_WHAT TO PRODUCE:_ Omit all pictures and transcribe only the lines in the entries below that run from the line with "Très belle randonnée" through the line with "10月22日晚,一代武术大师".

_DATA LISTING:_
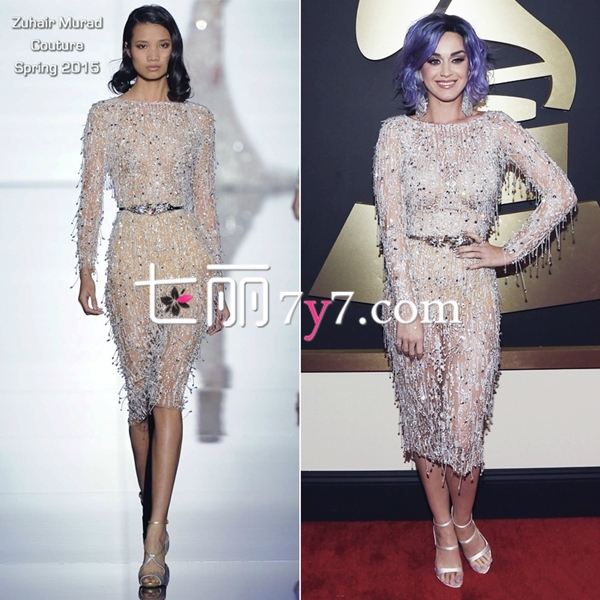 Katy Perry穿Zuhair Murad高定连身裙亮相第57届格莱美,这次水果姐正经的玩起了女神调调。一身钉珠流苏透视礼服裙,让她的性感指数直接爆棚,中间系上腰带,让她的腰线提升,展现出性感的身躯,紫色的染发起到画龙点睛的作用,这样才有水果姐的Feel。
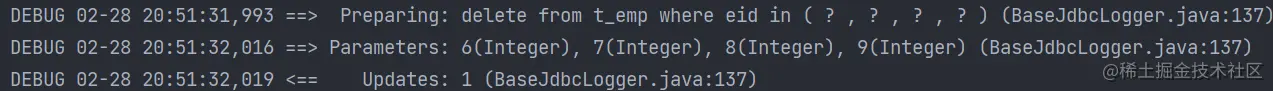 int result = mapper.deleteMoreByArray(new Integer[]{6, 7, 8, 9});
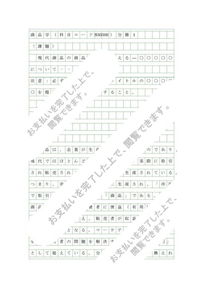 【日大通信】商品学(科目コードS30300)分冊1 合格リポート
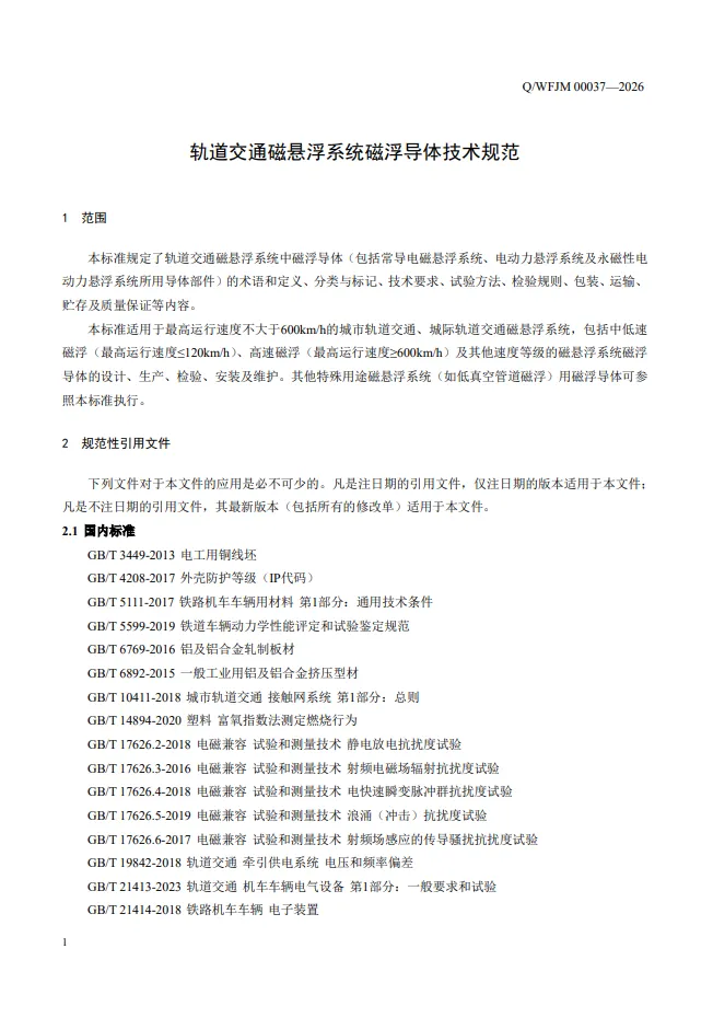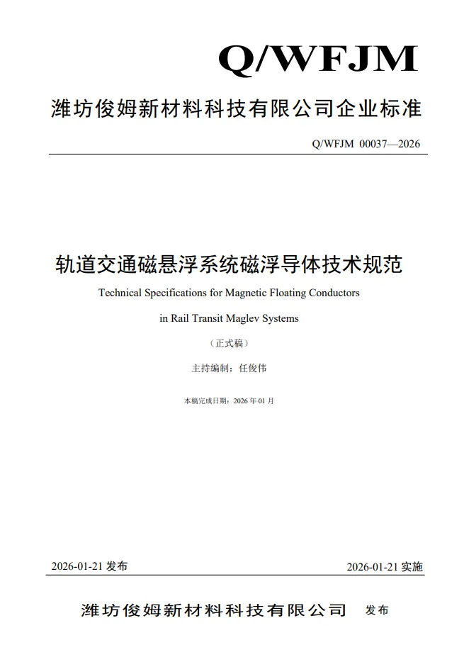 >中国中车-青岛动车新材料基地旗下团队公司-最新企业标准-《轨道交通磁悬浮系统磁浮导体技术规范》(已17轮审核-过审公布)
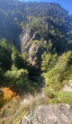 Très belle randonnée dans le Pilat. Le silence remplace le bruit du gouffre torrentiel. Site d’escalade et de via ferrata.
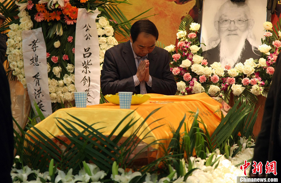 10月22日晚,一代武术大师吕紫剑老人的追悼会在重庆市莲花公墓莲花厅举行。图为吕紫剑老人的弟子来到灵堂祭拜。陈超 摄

==

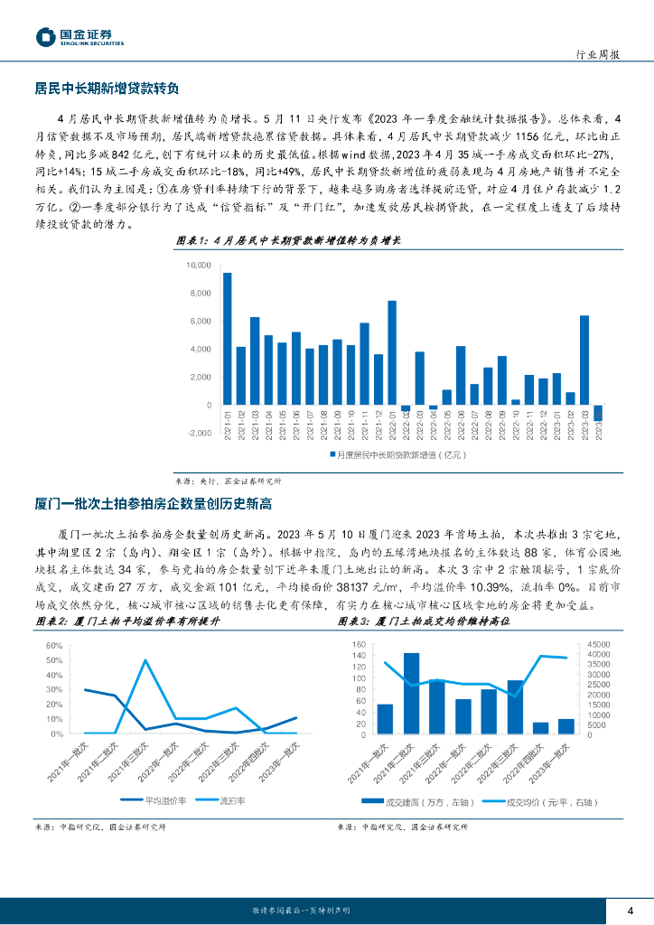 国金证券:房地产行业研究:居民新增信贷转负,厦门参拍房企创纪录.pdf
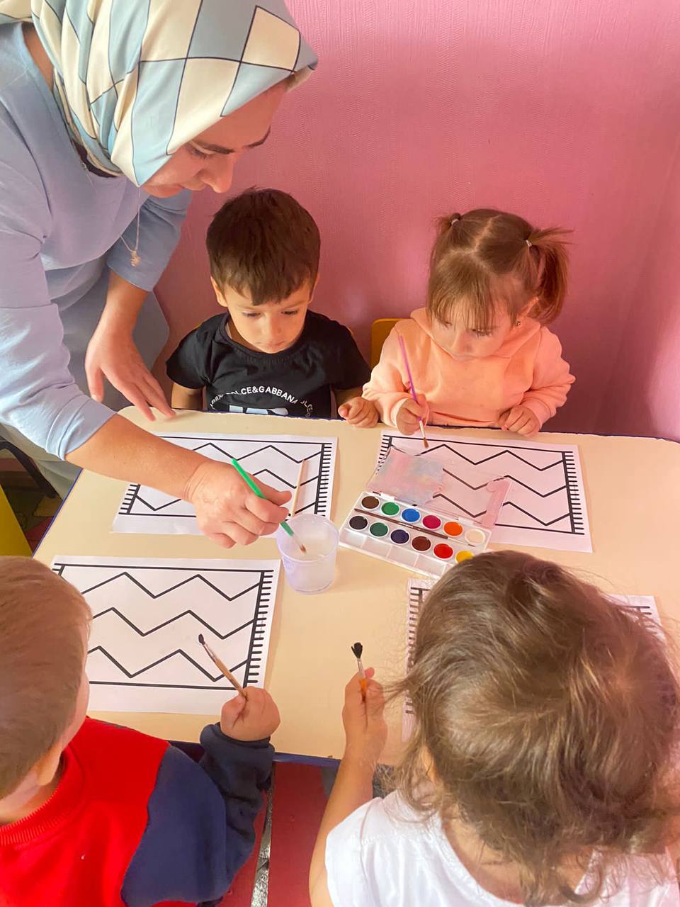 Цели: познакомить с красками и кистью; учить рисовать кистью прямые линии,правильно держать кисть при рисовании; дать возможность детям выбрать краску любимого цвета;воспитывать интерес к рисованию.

_RESPONSE FOR THIS EXERCISE:_
 Très belle randonnée dans le Pilat. Le silence remplace le bruit du gouffre torrentiel. Site d’escalade et de via ferrata.
 10月22日晚,一代武术大师吕紫剑老人的追悼会在重庆市莲花公墓莲花厅举行。图为吕紫剑老人的弟子来到灵堂祭拜。陈超 摄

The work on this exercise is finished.